En ce qui concerne le réel et l’écriture, pour ma part, malgré ce sujet d’étude c’est en allant voir des comparutions immédiates de Gilets Jaunes que j’ai pris conscience de façon assez spectaculaire du rôle de l’écrit pour prendre conscience que ce à quoi on assiste a vraiment existé. Je ne sais plus où sur ce site quelqu’un se demande ce qu’il pourrait faire pour soutenir les Gilets Jaunes. Il y a quelque chose que tout le monde peut faire : assister aux fameuses comparutions immédiates des Gilets Jaunes et aujourd’hui à leurs jugements, prendre des notes, restituer à l’écrit ces scènes où on prend en pleine gueule ce jugement de classe. Les retranscrire et les partager. Personnellement c’est là, à l’aube de mes 40 ans que j’ai violemment pris conscience que les organes de la justices étaient occupés par une bourgeoisie qui use de la lois pour nous asservir. C’est une plaie parce que ce fonctionnement est fortement implanté. J’ai assisté à cette comparution immédiate début janvier, j’ai pris des notes, le soir j’étais épuisée. J’ai dormi (moment le plus passionnant) et j’ai tour retranscrit au propre le lendemain. Et en restituant précisément toutes les paroles j’ai pris conscience que si je n’avais pas fait ça je n’aurais pas retenu précisément tout ce « spectacle » tant ce qui a été dit était choquant et incroyable. On « sait » que l’état fonctionne comme ça mais quand on le voit et qu’on l’écrit ça change beaucoup de choses. Mis noir sur blanc ça m’a permis de l’incruster dans le réel et de prendre conscience après coup que tout ça avait vraiment eu lieu et existait vraiment.
Bref.
Comment travaillais-tu en tant que critique (l’entretien sur ce sujet n’est plus disponible). Pour moi restituer ce que fait un cinéaste et son équipe nécessite du temps et j’ai l’impression que le critique n’en a que très peu.

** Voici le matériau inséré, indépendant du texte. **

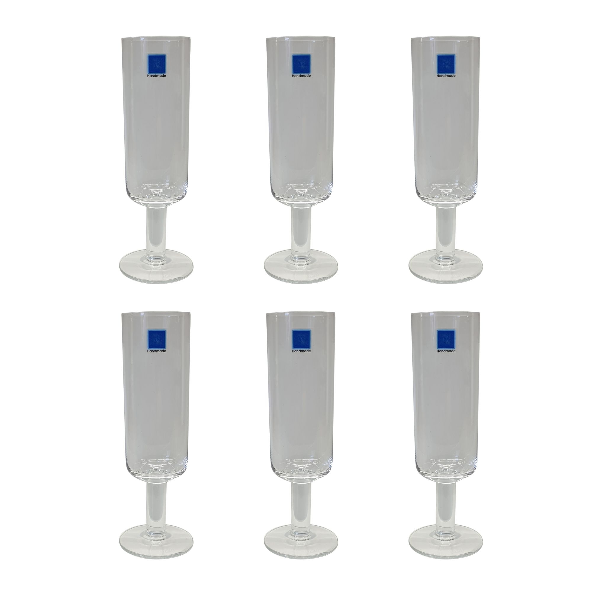 Cenacolo Flûte globets, made of glass. Cenacolo goblets are precious globets that will allow you to savor the bubbles with grace and elegance. The materials are pregiai and the shapes refined, a real treat for the eyes. Made by Home Sweet Home.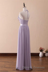 Lilac Halter Open Back Ruffled Long Bridesmaid Dress

Un certain nombre de réalisateurs ou d’acteurs appellent la rédaction des magazines de cinéma, lorsqu’une critique leur déplaît : mythe ou réalité ? Je me posais la question. J’ai entendu quelques témoignages, j’avais vu un reportage sur Claude Berri, un jour, qui appelait directement une rédaction pour gueuler. Mais je ne saurais pas quantifier en pourcentages. Comment évaluer la pression ? Comment se manifeste-t-elle ?
en l’occurrence Berri apelle Libé, pa content de leur assassinat d’Uranus
ça arrive, je pense, mais la vérité courante est évidemment plus subtile, le tenage par les couilles plus retors (je veux bien t’avoir un entretien avec l’acteur, mais on est d’accord que tu défends le film ; ce genre là)
@François Bégaudeau: oui, je le voyais grosso modo comme ça.